Looks tired or unwell and sleeps at unusual hours.

Has marks or scars on their body, which they try to hide.

Involvement in crime, use of drugs and alcohol.

Entering or leaving vehicles.

If you have concerns that a child might be at risk of CSE, call local Police on 101. In an emergency always dial 999.


FGM – Female Genital Mutilation

As per NSPCC website

FGM is illegal

FGM has been a criminal offence in the UK since 1985. In 2003 it also became a criminal offence for UK nationals or permanent UK residents to take their child abroad to have female genital mutilation.

Anyone found guilty of the offence faces a maximum penalty of 14 years in prison.

Reporting requirements

Regulated health and social care professionals and teachers in England and Wales must report ‘known’ cases of FGM in under 18s to the police (Home Office, 2016)

A girl at immediate risk of FGM may not know what's going to happen. But she might talk about or you may become aware of:

·         a long holiday abroad or going 'home' to visit family

·         relative or cutter visiting from abroad

·         a special occasion or ceremony to 'become a woman' or get ready for marriage

·         a female relative being cut – a sister, cousin, or an older female relative such as a mother or aunt.

Indicators FGM may have taken place

A girl or woman who's had female genital mutilation (FGM) may:

·         have difficulty walking, standing or sitting

·         spend longer in the bathroom or toilet

·         appear withdrawn, anxious or depressed

·         have unusual behaviour after an absence from school or college

·         be particularly reluctant to undergo normal medical examinations

·         ask for help, but may not be explicit about the problem due to embarrassment or fear.

·         The physical effects of FGM

FGM can be extremely painful and dangerous. It can cause:

·         severe pain

·         shock

·         bleeding

·         infection such as tetanus, HIV and hepatitis B and C

·         organ damage

·         blood loss and infections that can cause death in some case.

FGM is covered in staff Safeguarding training.
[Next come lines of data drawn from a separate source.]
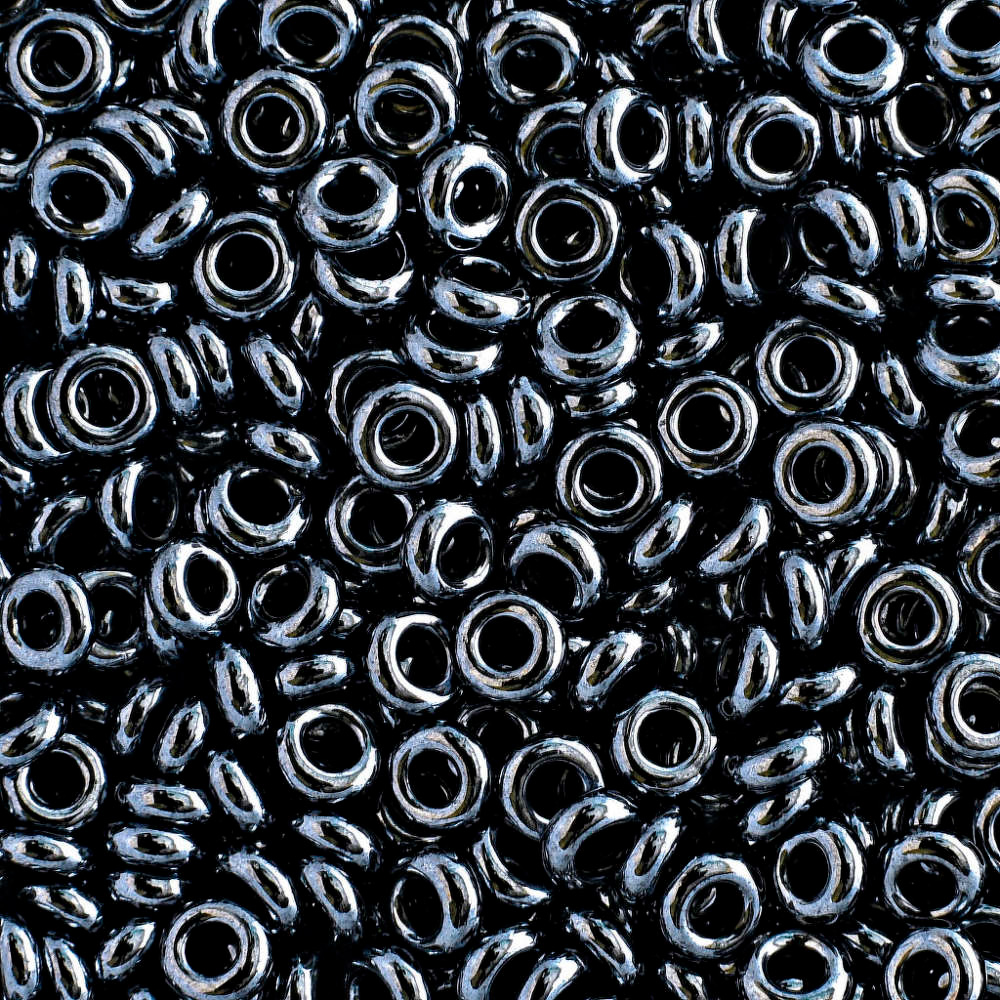 Японский бисер TOHO Demi Round (Тохо Деми Раунд), размер 8/0 (примерно 3*1.2-1.4 мм). Необычная форма бублик (кольцо, рондель). Жемчужный черного цвета (Metallic Hematite). Цена за 10 грамм. Среднее количество бисерин в 1 грамме Toho Demi Round около 50-75 штук, может сильно варьироваться в зависимости от вида бисера.
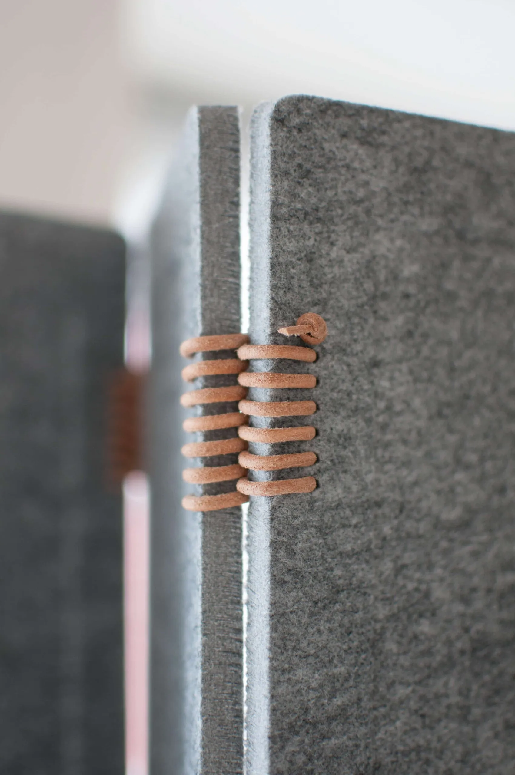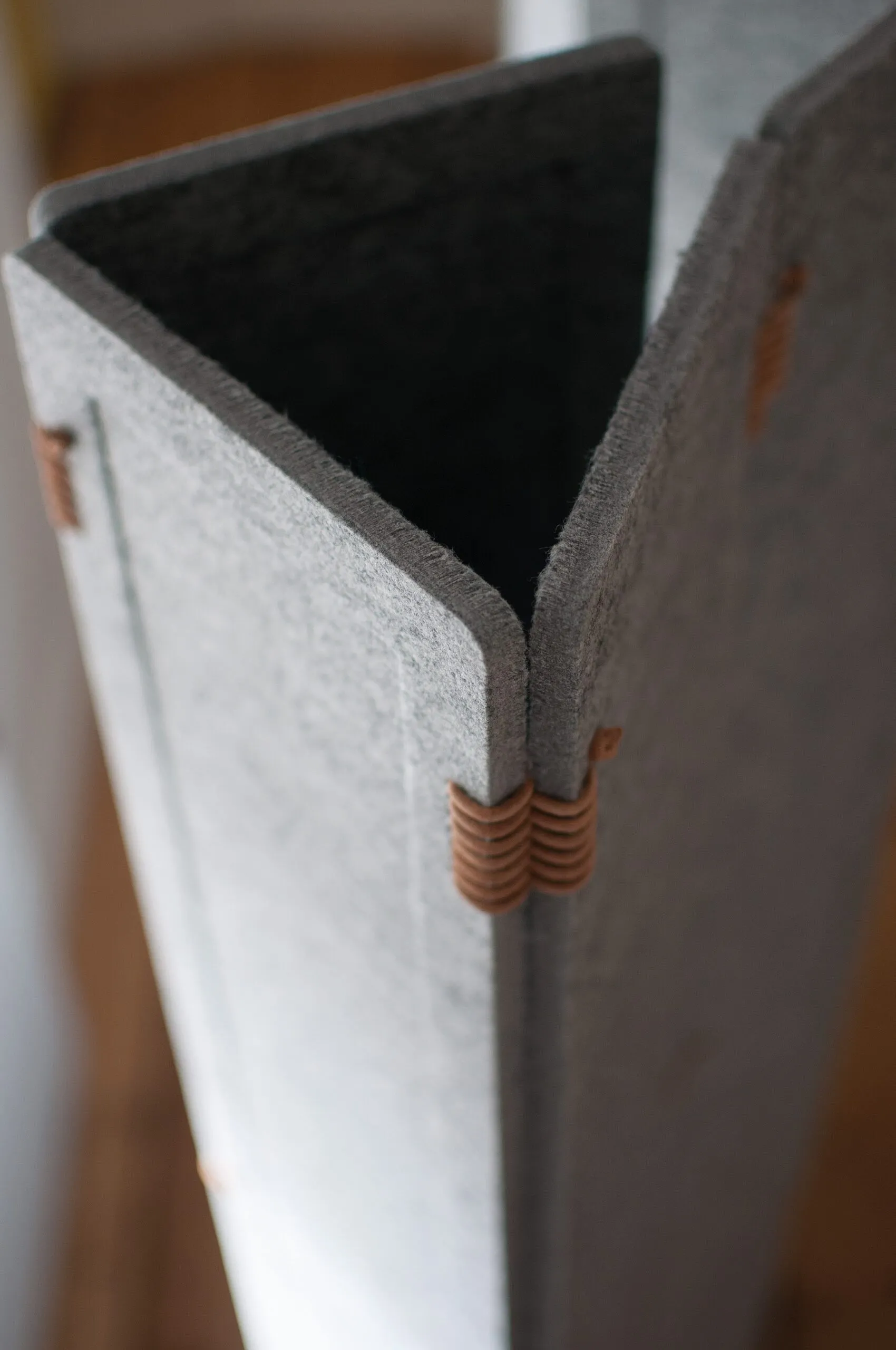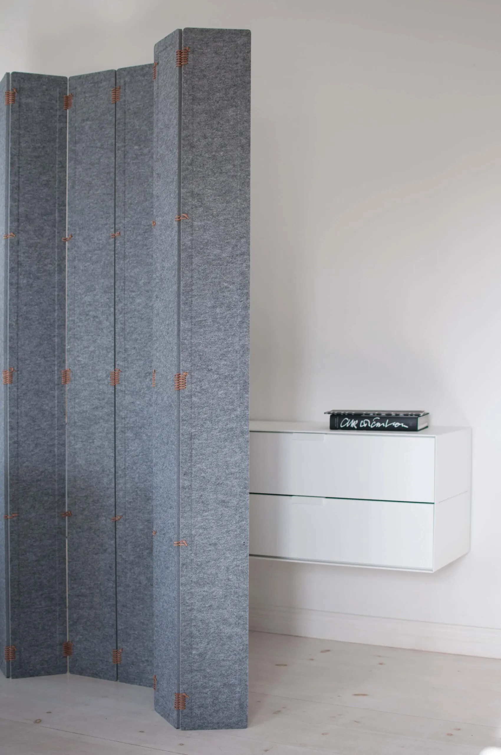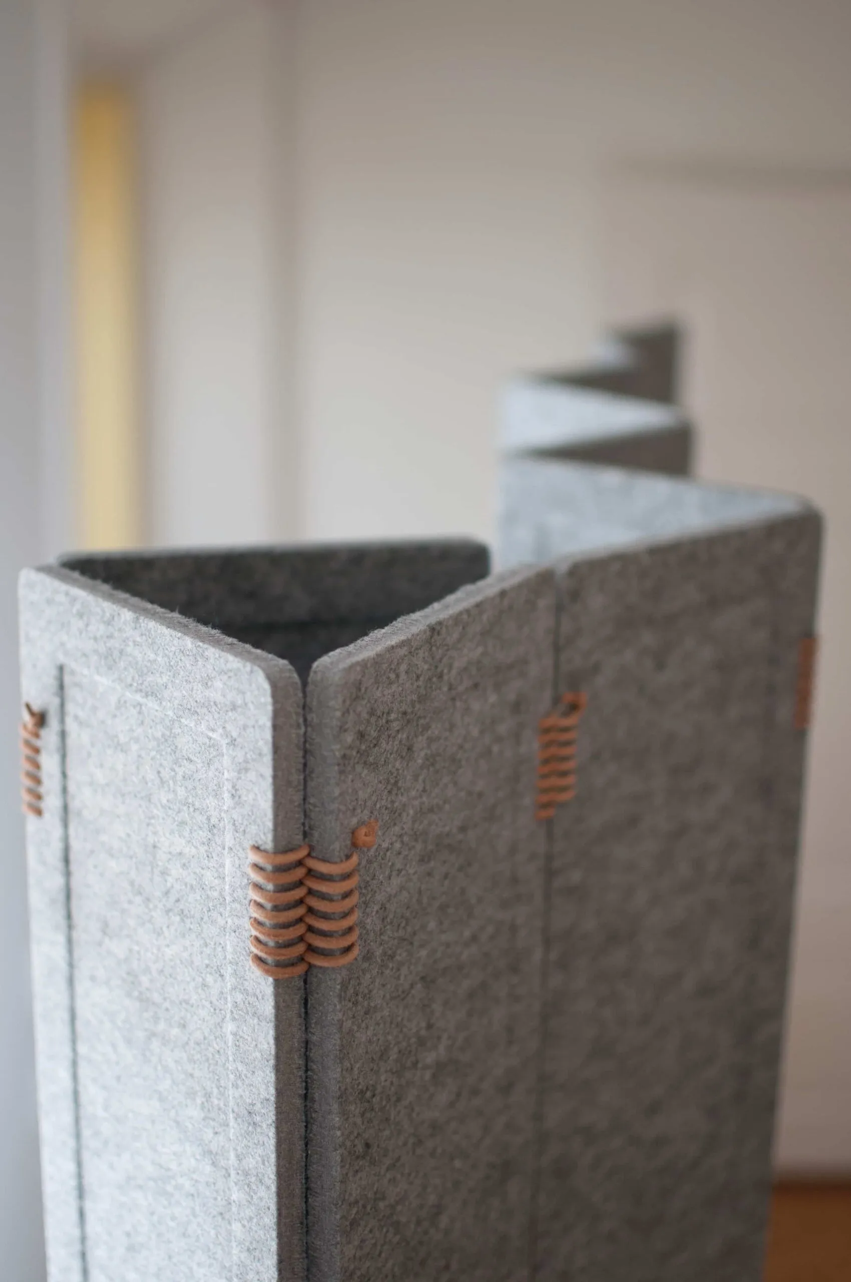 Ann Idstein has worked with Swiss designer Christophe Marchand for many years. The latest creation in this cooperation is a floor standing room divider, called Paravent. The product is made of individual slats made out of a 12mm thick felt material. These slats are then connected by a 3mm leather cord. The cord thus works as connector and hinge at the same time, making the Paravent flexible both in length and in shape. It is available in 2 shades of grey and in 2 heights; 1300 and 1800 mm. Inspired by urban life in small apartments, where rooms often have to fill several parallel purposes, the Paravent is designed to create and divide space when needed.
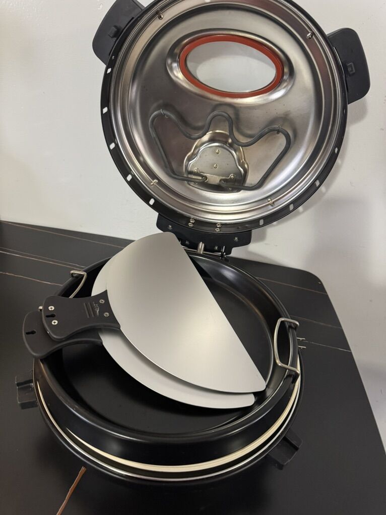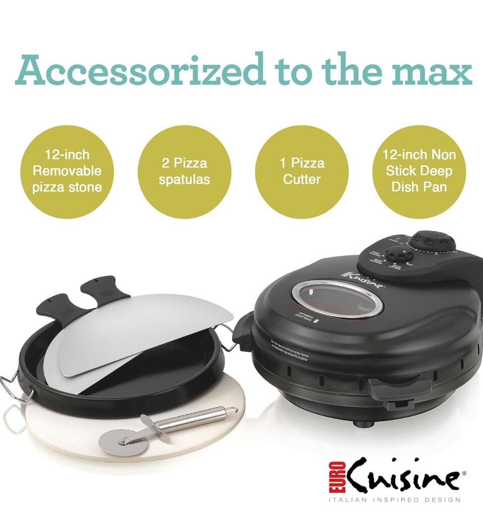 VenmoEuro Cuisine PM600 Rotating Pizza Maker with 12 Inch Non-stick Ceramic Stone & Baking Pan, Indoor Co
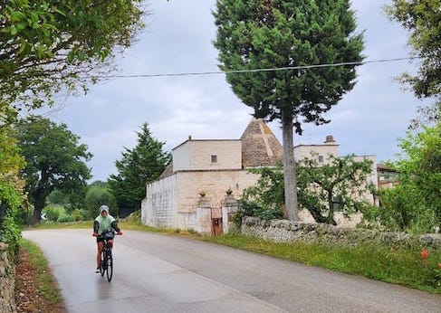 No percurso da semana, tivemos dias de pedal mais duro, onde cobríamos quase 60km no percurso do dia. No caminho, parávamos para visitar fazendas de mozarela e degustar o frescor de burratas feitas de modo artesanal, ou experimentar azeites tão vigorosos que sentíamos seu ardor na garganta. Almoços eram sempre acompanhados de um ou dois drinks, frutos do mar saborosos, e pratos típicos da região, além de muita conversa e risadas.
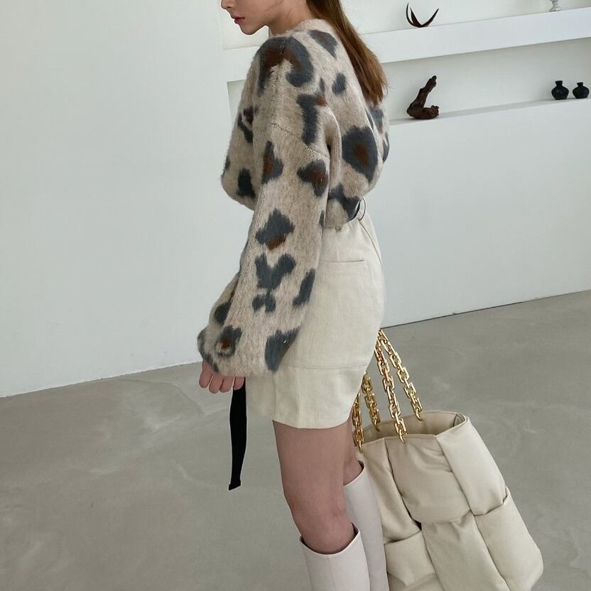 大柄のレオパード柄が目をひくニットとショールのセットアップ。
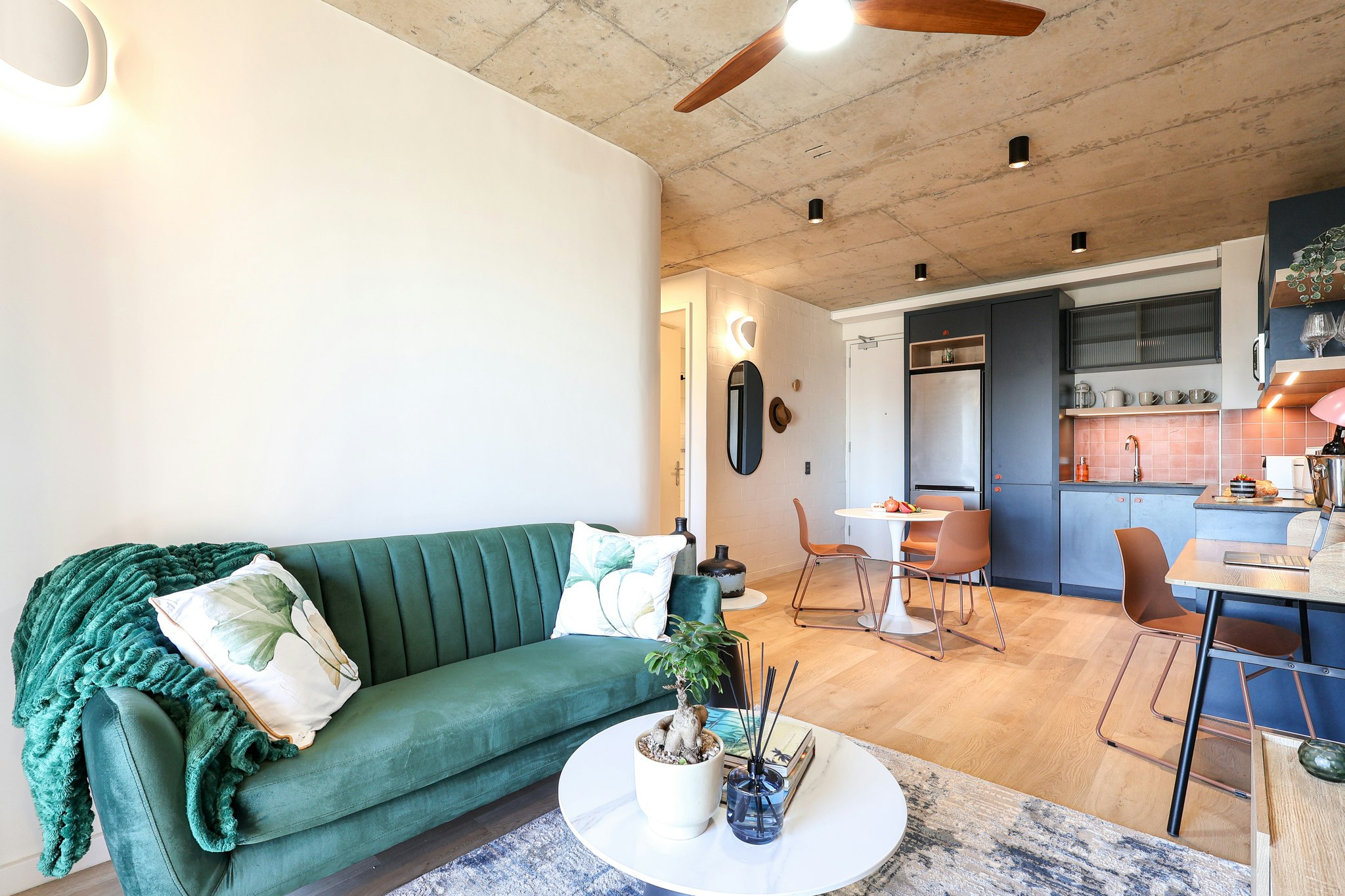 Die oopplan-leefarea beskik oor 'n kombuis wat volledig toegerus is met 'n stoof, oond, mikrogolfoond, yskas-vrieskas, eetgerei en breekware, sowel as 'n Nespresso-masjien. 'n Skottelgoedwasser en 'n eetkamertafel met 3 sitplekke is ook in die kombuis beskikbaar. Vanuit die kombuis lei die sitkamer met 'n gemaklike rusbank, 'n TV en 'n aangewese werkruimte. Toegang tot gratis WiFi is beskikbaar. Deur die skuifdeure kan gaste 'n oggendkoffie op die gemeubileerde balkon geniet.
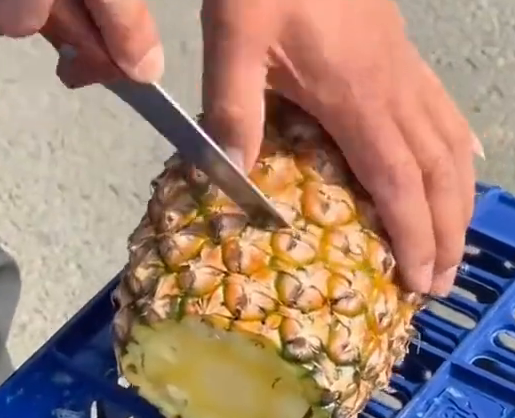 和传统逐点挖眼的办法不一样,他顺着凤梨的弧度和果眼纹路下刀,既不浪费果肉,也不会弄得满手流汁,干净利落。

Gangs – A Safeguarding Response


A child can fall very quickly into gang involvement and the response should be both rapid and dynamic.  Staff should share a collective responsibility to deal with gang culture, violence and criminality, whilst ensuring that the primary consideration will always be the protection and safety of children.  Professionals will struggle to deal with gang related issues in isolation and there should be a multi-agency response to the recruitment and exploitation of a young person by a gang. Emphasis should be on prevention, creating positive changes and diversions in a young person’s life.

Staff should be wary of viewing young gang members as having made a ‘lifestyle choice’. Many children do not make informed choices when opting to join a gang, with the majority being coerced, threatened or manipulated. It is important that professionals understand the complexity of the ‘push – pull’ factors affecting the young person and how they have or will potentially exploited. Professionals should also be mindful that whilst a young gang member may be the perpetrator of gang violence and criminality, they may also be a victim of gang violence and exploitation.

Early Assessment
Early identification and interventions are key to safeguarding children and young people from risk of gang involvement. Where professionals receive information, that a young person is either a member of a gang, is at risk of becoming involved in a gang or is at risk of harm from gang members, then they will need to make a referral to children’s social care, in line with the local agreed safeguarding protocol/pathway. Where that information reveals that young person is also a victim of crime or has committed a crime, then the crime and circumstances should also be reported to police.

Any concerns should be reported to the office asap.